I played with two other MTP modes and found the performance to be identical:
JFYI, there is a merged fix for MTP in Flashinfer, but vLLM side doesn’t include it, I will see if I can apply a quick patch or there is an open PR for that now.
I’d be happy to test that to see if that can help bring me back to the main release. I’d prefer to benefit from the regular spark-vllm-docker infrastructure and build process if possible.
How is your experience with Step Fun, Mia? Is it better at coding than DS4F? I am looking for a model for a second option/audit function, 262k is okay as I would run it on summarized reports.
I think it’s about on par with DS4F, but with DS I get much more context and tok/s is better, so I usually stick with that unless I need image support.
Set it up today. BTW your repo is bit datad, even download script does not work with new huggingface cli. Also nccl setup is incomplete. But a good starting point, thanks. I got it running with grafted mtp at 30 tps for 1 seq. Decent speed. But quality wise it’s weak. 84 on hard mode, vs 88-89 ds4f, and in my own custom bencher designed for my specific tasks it’s on par with gemma 12b, pretty funny. But it’s because 12b is unbelievable good for a small model. Real gem. Unlike 26b. Sorta like 27b for qwen. But fast unlike 27b (of course, large amount of actives). Net result: we are blessed by Deepseek, there might be no better model for us for a long while, this good and performant.
would you say DSV4F is better or worse than Stepfun for agentic use? Hermes specifically. DS4 is working very well, but I’m wondering about that sweet sweet vision for my agent’s main model
You already answered my question. DS4F for the win, it seems!
Yes, gemma4-12b is a sleeper hit.

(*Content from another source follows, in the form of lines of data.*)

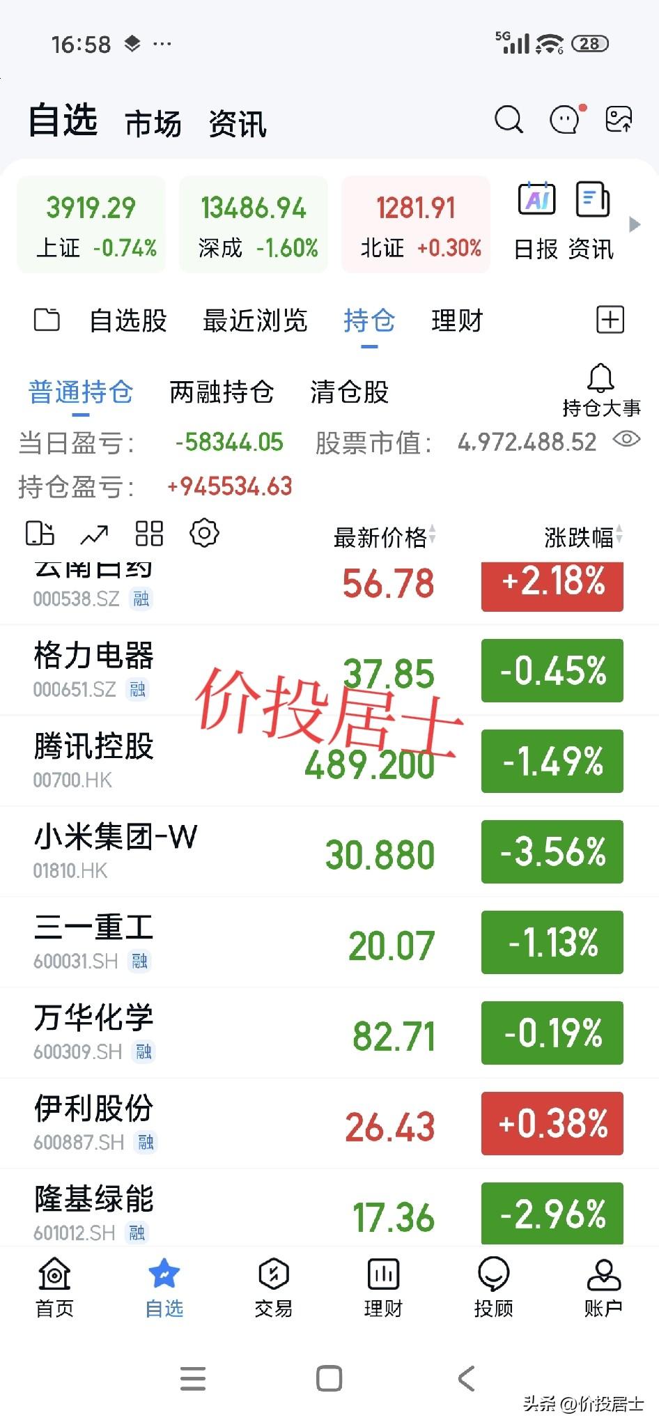 刚才我出去散步看看外面的花花草草了[笑哭]今天我们这天空很蓝,青草很绿,花儿很红,让我心情很好[赞] 刚看了一下实盘,还好,当然对于我这种不害怕下跌的人来说,好像就没有不好的时候。我对此给大家说过,本人其实很喜欢股票下跌! 其实资本市场很多时候是反人性的,暴风雨来的越猛烈的时候,越是临近反转的时候。就像22年港股砸的昏天暗地,24年的2635.09点我们的A股砸的昏天暗地。反而那个时候开始了绝地大反击! 我是把承受下跌看成自己的一种付出,把不被短期波动左右看成自己的修行。看看这个股市像极了人生,充满了曲曲折折,起起伏伏,须菩提尊者问圣贤,云何降伏其心?圣贤答,应无所住而生其心[祈祷]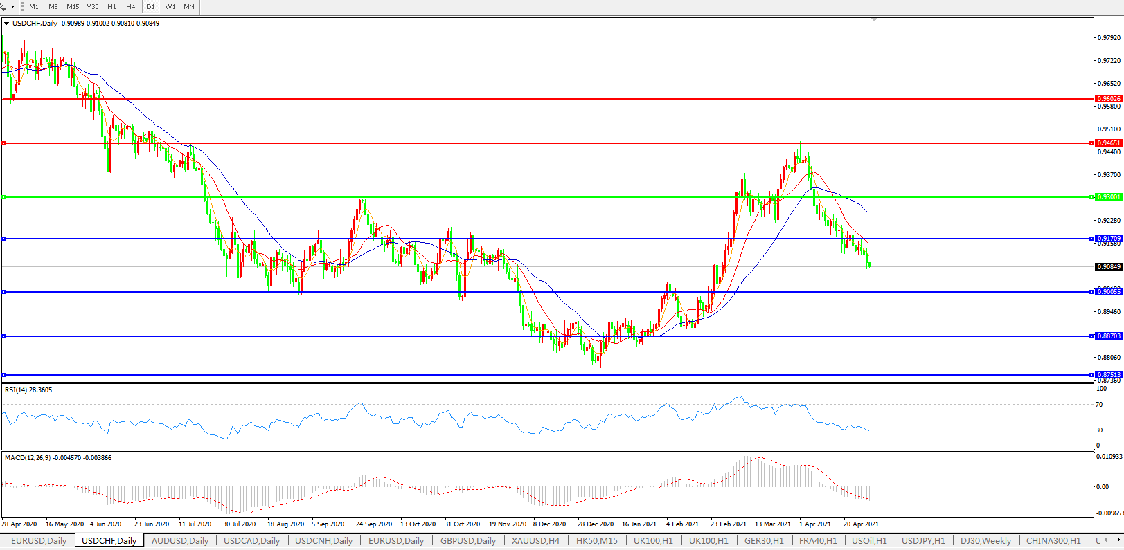 美元兑瑞郎USDCHF    日线图: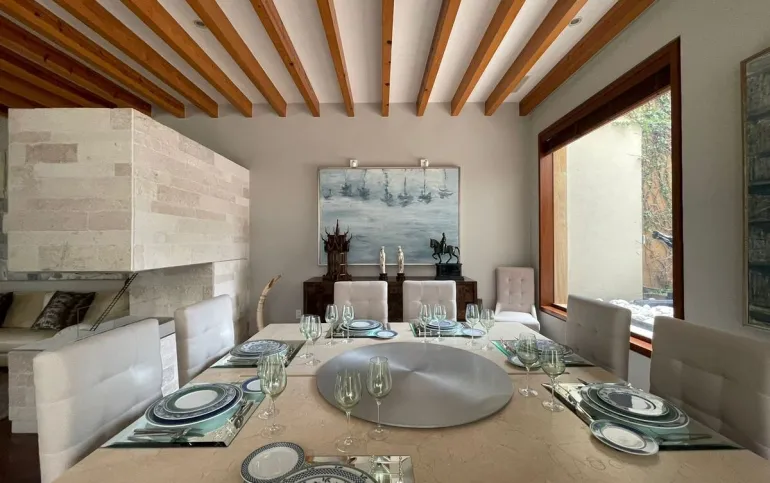 Increíble casa en renta amueblada en una de las mejores privadas de santa fe, con casa club, canchas de tenis, padel, alberca, etc. La casa esta dividida en 2 plantas, en la planta baja cuenta con calentador de piso.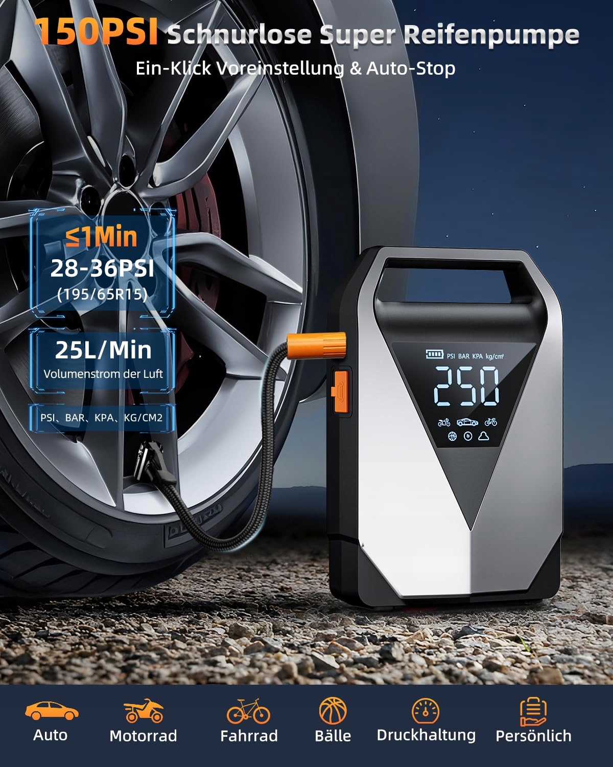 🚗[6 TRYBÓW KOMPRESORA POWIETRZA]Kompresor powietrza 150PSI z inteligentnym cyfrowym wyświetlaczem i funkcją wykrywania ciśnienia w oponach może pompować w 6 trybach: piłka, rower, motocykl, samochód, ciśnienie podtrzymujące i tryb swobodnej inflacji. Z przełączaniem 4 jednostek ciśnienia (BAR, PSI, KPA, Kg/c㎡), może napompować Twoje opony od 0 do 36PSI w ciągu kilku minut i automatycznie zatrzymuje pompowanie po osiągnięciu ustawionej wartości.

I have not tried the vision capabilities as well, but audio/ASR is insane with this model, it has become the auxilliary agent for deepseek doing compacting, web search, checking tool calls, transcribing voice, etc. 265k native, quantizes cache very well, fits on 16GB with a llama.cpp instance, and its blazing fast.
Actually, re: vision – have you tried using it for OCR/documents/image understanding?
My current set up includes a strix halo running qwen35b and two eGPUs with gemma4-12b and qwen27b, as well as the dual sparks. I like slimming it all down to a single model, but for now, I will continue to use the skinny qwens for vision tasks in hermes :) DS4F is too good to not have it as the main agent model!
Look past tool eval bench as the ultimate source of quality. Audit the log for this model and ones like Gemma4 and you’ll find many reasonable responses which in times of uncertainty may opt to defer to the user for clarification - these get marked failures, but do not indicate agentic failures or lack of tool calling stability. That benchmark can be improved.
Step-3.7-Flash is one of the best models out there pound for pound when it comes to postgraduate level analysis and surprisingly great domain knowledge.
I can only run DS4-Flash via DwarfStar using the hybrid 2-bit quant today, so that may bias me. DS4 seems less reliable than Step-2.7-Flash but that could be due to the latter fitting on single GB10 with the IQ4_XS quant. Point being, this isn’t apples to apples.
I’m working on getting a 2nd GB10 and the full released DS4-Flash is one of the big reasons. Then both should be deployable via vLLM.